Use your storyboard as your guide throughout — design, build out, and beyond. Storyboarding helps not only to improve site navigability, but also to develop content and web copy. Furthermore, if you hire a web designer to design your web pages, or a web architect to oversee the entire build out phase, the storyboard will provide them with the details necessary to provide you with exactly what you want.

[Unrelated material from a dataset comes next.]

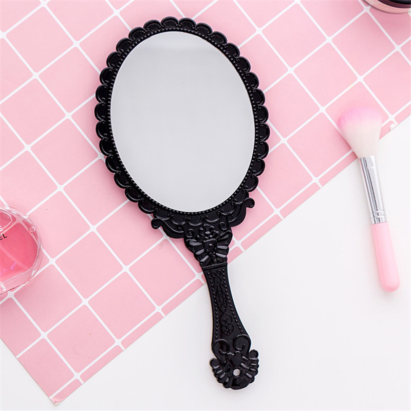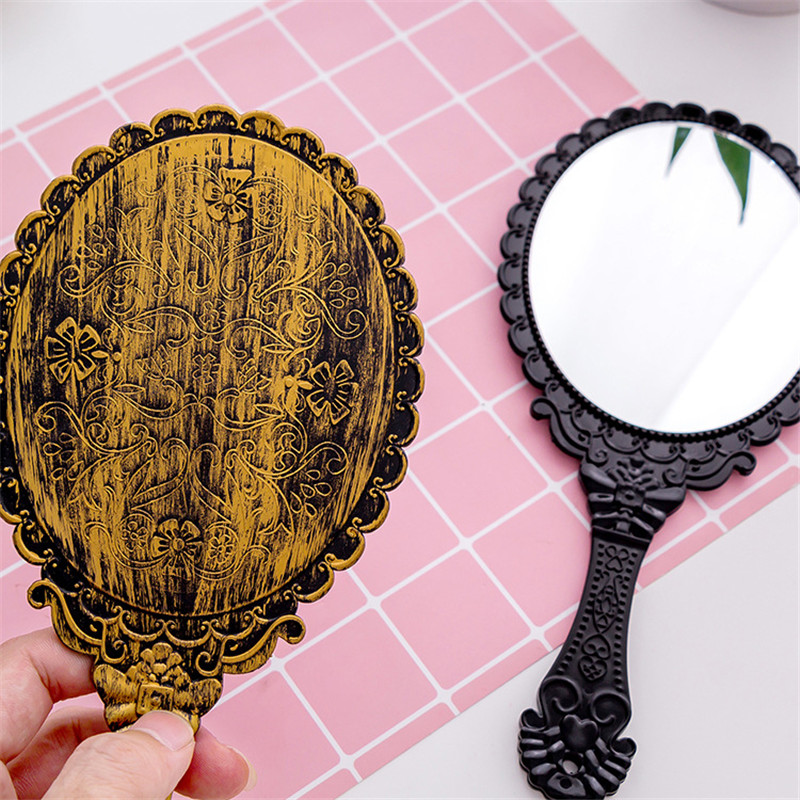 Dualswish Vintage Pattern Carved Handheld Vanity Makeup Hand Mirror Handle Cosmetic Compact Mirror

The author realizes that both layout and design are subjective topics, but to make the best first impression design a stylish page with your content laid out in a logical manner. Use a consistent theme in the colors, styles and fonts throughout your site.

Site Description

If you are designing an extensive website, you need to provide a detailed explanation of workflow, data flow, and other items that may not be readily apparent in your storyboard. That’s where a site description comes into play. A site description explains how the site functions from web page to web page or section to section. This is a must for complex sites, such as websites that include an auction element or websites like 3Com.com or Healthtex.com. That is because oft-times such websites have people who are not intimately familiar with the website’s design elements and infrastructure doing the programming to support the website’s more complex elements.

Website Content

Now is the time to begin thinking about exactly what content you want on your website. What digital art (e.g. photos of products) will be needed? Is there to be written content? If so, who is the author and how will the content be delivered — MS Word, Adobe Acrobat, ASCII text, etc.?

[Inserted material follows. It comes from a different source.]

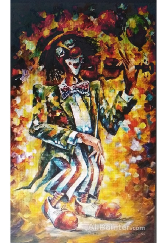 Весёлый клоун на скрипке играет. – Его музыка всех радует и забавляет!

You should have the initial content ready for the designer(s) (which could be you) while the website is still in production mode. This is so you can be sure that your content will work perfectly with the overall design elements when it comes time to launch your website (and when subsequent design and content changes are made thereafter).

“Know your customer” is an oft-used but apt phrase — you must decide on your target market base before embarking on even the early design stage. Here are some reasons why. If your customers are located outside of North America, you will need to place a Comment Tag above the body of your website’s home page declaring your site as a public document. If you omit the Comment Tag your site probably will not be indexed as a public document and no one outside North America will be able to find it. If your niche market has an international base, you must consider how you will provide translations, how you will handle the monetary exchange problems, and how you will deal with shipment issues. After all, it’s the customers for whom you are building your website, right? This is just the tip of the iceberg — do your research so you’ll know the issues you need to address before designing your website.

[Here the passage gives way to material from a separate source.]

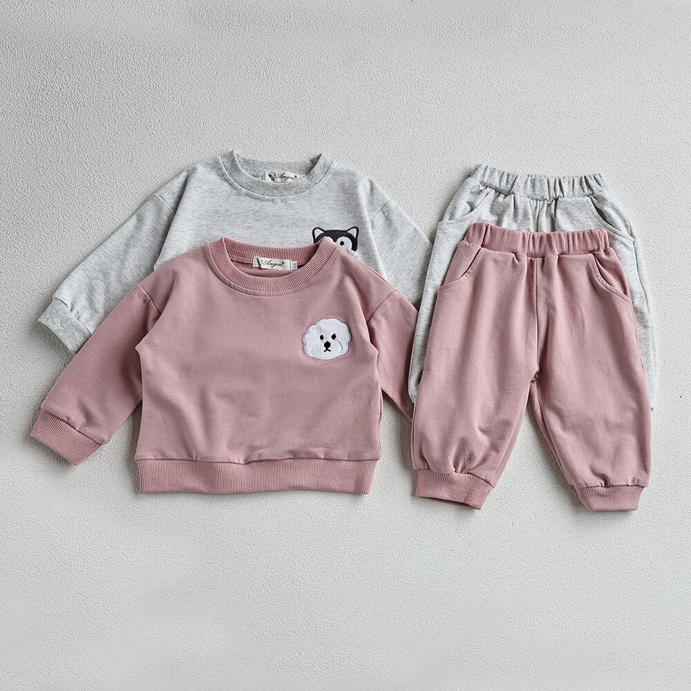 動物モチーフのワッペンがポイントのベビー・キッズ用セットアップです。スウェットシャツとパンツの2点セットで、ユニセックスデザインのため男の子にも女の子にもおすすめ。柔らかな素材を使用し、動きやすさと快適さを兼ね備えています。落ち着いた3色展開で、日常使いからお出かけまで幅広く活躍します。シンプルでかわいいデザインが魅力のアイテムです。

What model will your site emulate — a brochureware site, an online store, an auction site, an advertising, or subscription site? It could even be a combination of one or more of the website models discussed in Chapter 1.

What will drive your potential customers to your website? Your website’s home page must clearly describe what you are offering and why your customers would want it. You must craft your online offering so that the products/services meet the wants and needs of your targeted customer base — just like a conventional business. And like a brick-and-mortar business, you must determine what price the market will bear and what your profit margin will be.